- SUPPLIED INFORMATION:
※ ※ ※
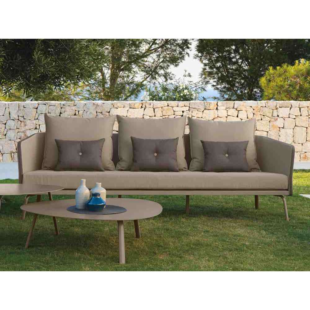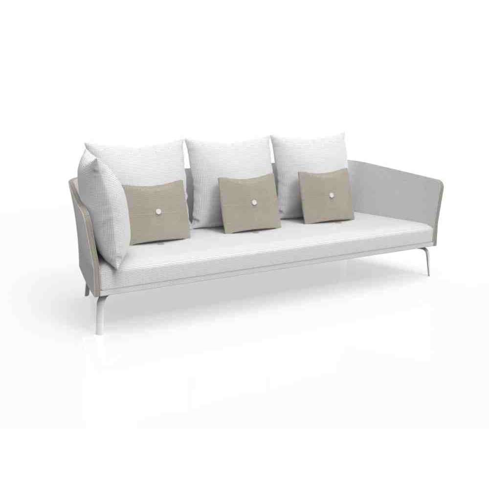 Sofa ogrodowa tekstylna trzyosobowa, ze zdejmowanym pokrowcem. Rama aluminiowa malowana proszkowo dostępna w trzech różnych kolorach: białym, gołębim i grafitowym; rama jest pomalowana na ten sam kolor co tekstylia. Poduszki ze zdejmowanymi poszewkami, łatwe do prania i odporne na warunki atmosferyczne. Wyściółka z szybkoschnącej pianki.
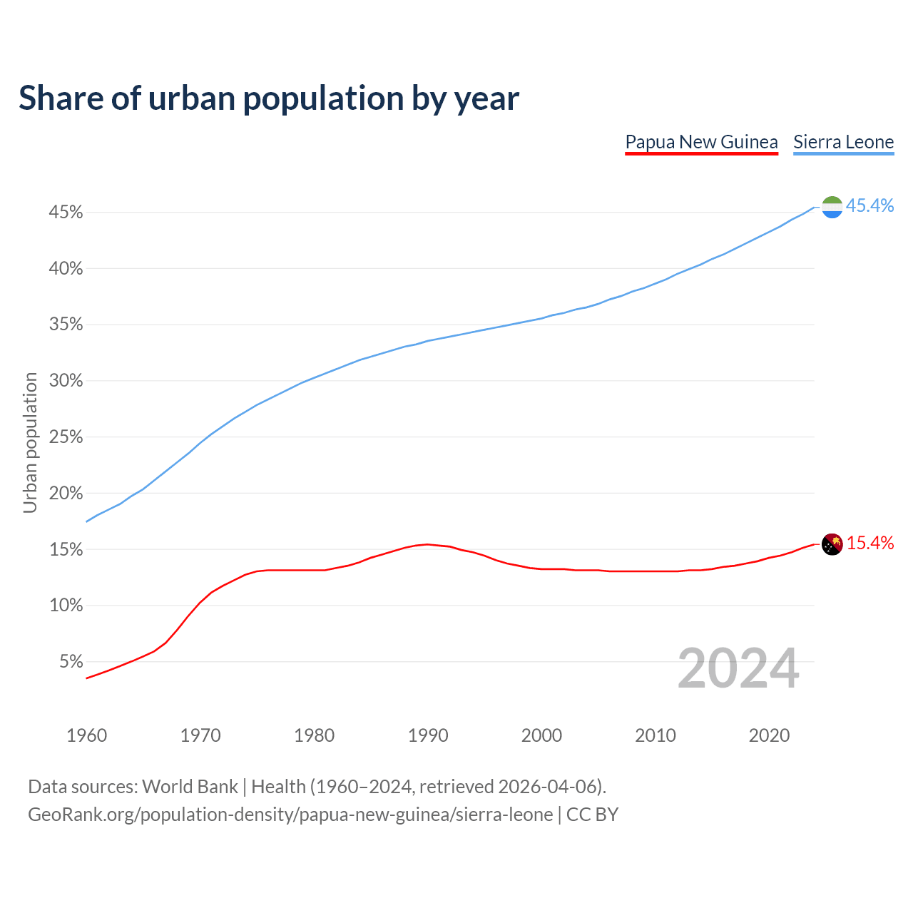 From 2004 to 2024, the share of urban population changed from 13.1% to 15.4% in Papua New Guinea and from 36.5% to 45.4% in Sierra Leone.
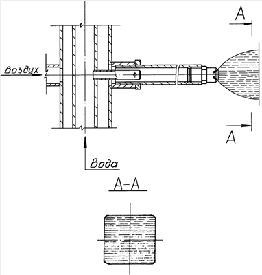 На приведенном чертеже, при определенных соотношениях вода-воздух и давлении воздуха перед входом его в форсунку, при выходе из сопел форсунки водовоздушной смеси возникает разряжение, стягивающее оба факела, истекающие из сопел, в один объемный. Создание объемного факела позволяет увеличить площадь потока поперечного сечения факела, а следовательно, обеспечивает более равномерное и эффективное охлаждение заготовки.
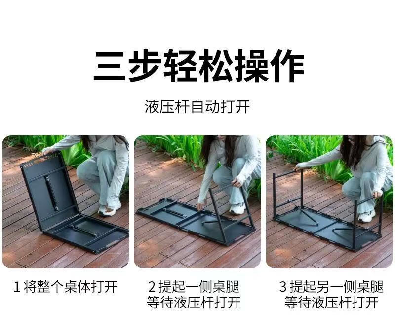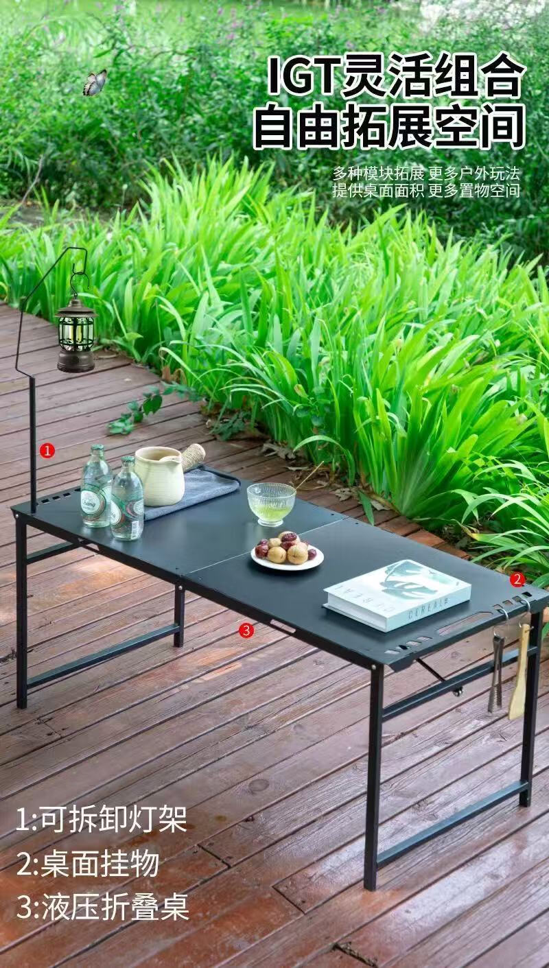 新品露营置物折叠桌IGT公园桌多功能战术桌轻量化户外便携野餐桌 104*45*48【大号液压】送加厚手提包+灯架 【出口品质】加厚规格+送收纳包
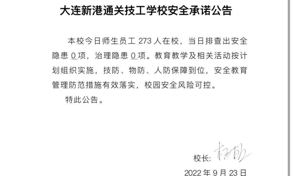 大连新港通关技工学校安全通告(9月23日)
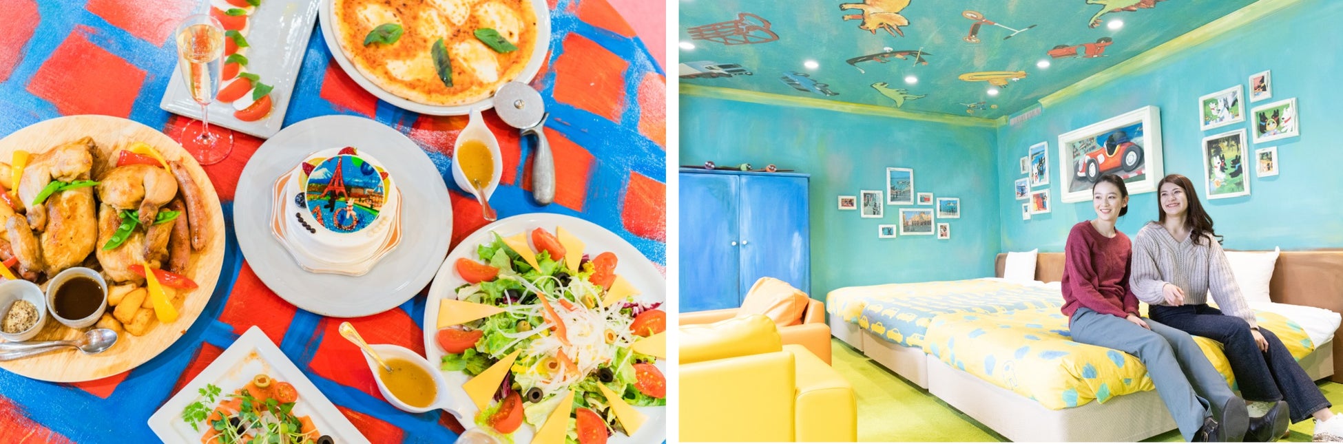 リサとガスパール タウン内では、10周年原画をイメージした装飾や限定フードの販売、オリジナルグッズの販売などファン必見のイベント盛りだくさんで展開しており、新たな周年企画としてハイランドリゾート ホテル&スパにあるリサとガスパールルームでも宿泊者限定で可愛らしい空間でホテルシェフの本格ディナーを楽しめる女子会プランを販売いたします。
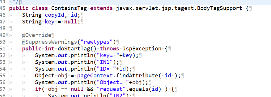 별개로, 아래의 doStartTag에 들어갈 때 id, key등은 이미 JSP파일에서 에서 커스텀 태그의 속성으로 받았던 id, key값이 들어가게 된다.
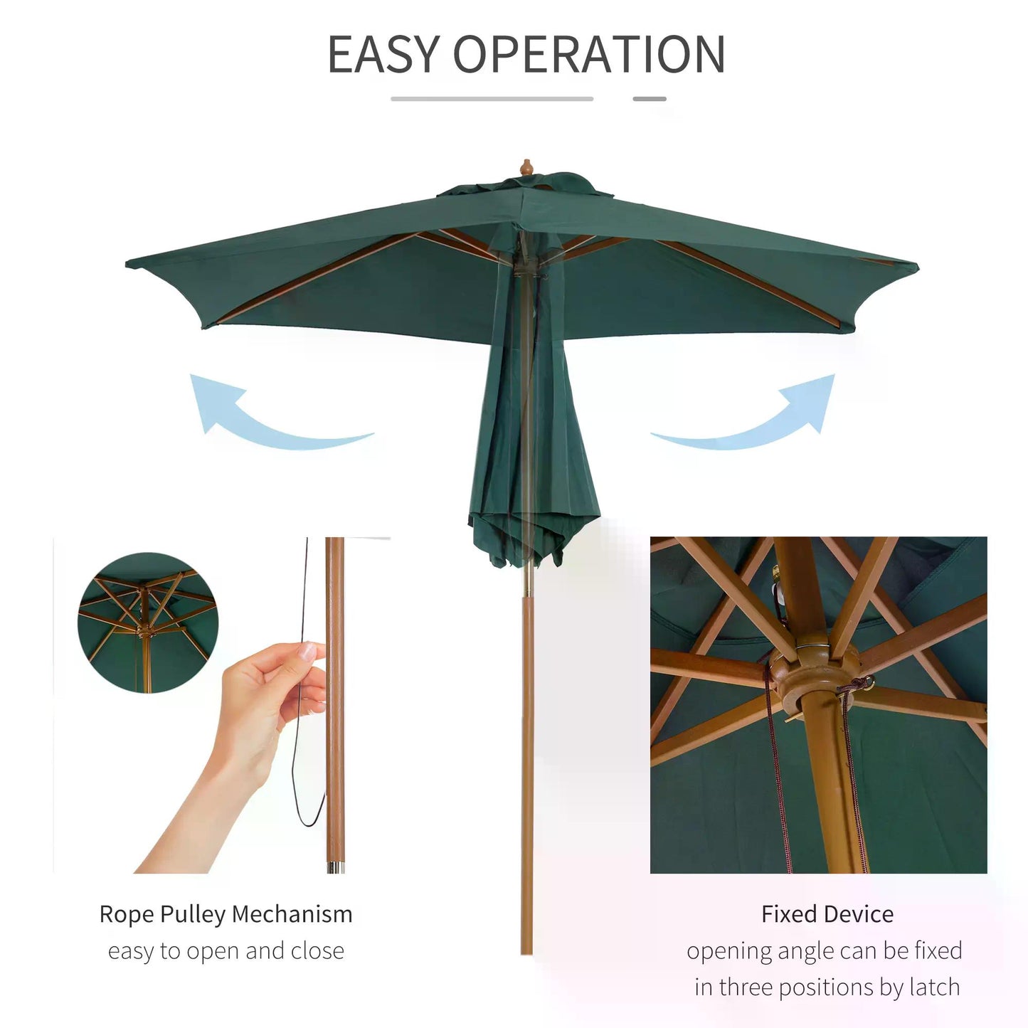 - Easy to use: With convenient design, comes with a rope pulley mechanism for easy opening and closing. The spiral connector method for easy assembly and the outdoor parasol can be fixed in three positions by latch
※ ※ ※
- WORK INSTRUCTIONS:
In your output, include only the lines from the line containing "大连新港通关技工学校安全通告(9月23日)" through the last line of the material above, exactly as they appear, and leave out the pictures.

- RESULT OF THIS EXERCISE:
 大连新港通关技工学校安全通告(9月23日)
 リサとガスパール タウン内では、10周年原画をイメージした装飾や限定フードの販売、オリジナルグッズの販売などファン必見のイベント盛りだくさんで展開しており、新たな周年企画としてハイランドリゾート ホテル&スパにあるリサとガスパールルームでも宿泊者限定で可愛らしい空間でホテルシェフの本格ディナーを楽しめる女子会プランを販売いたします。
 별개로, 아래의 doStartTag에 들어갈 때 id, key등은 이미 JSP파일에서 에서 커스텀 태그의 속성으로 받았던 id, key값이 들어가게 된다.
 - Easy to use: With convenient design, comes with a rope pulley mechanism for easy opening and closing. The spiral connector method for easy assembly and the outdoor parasol can be fixed in three positions by latch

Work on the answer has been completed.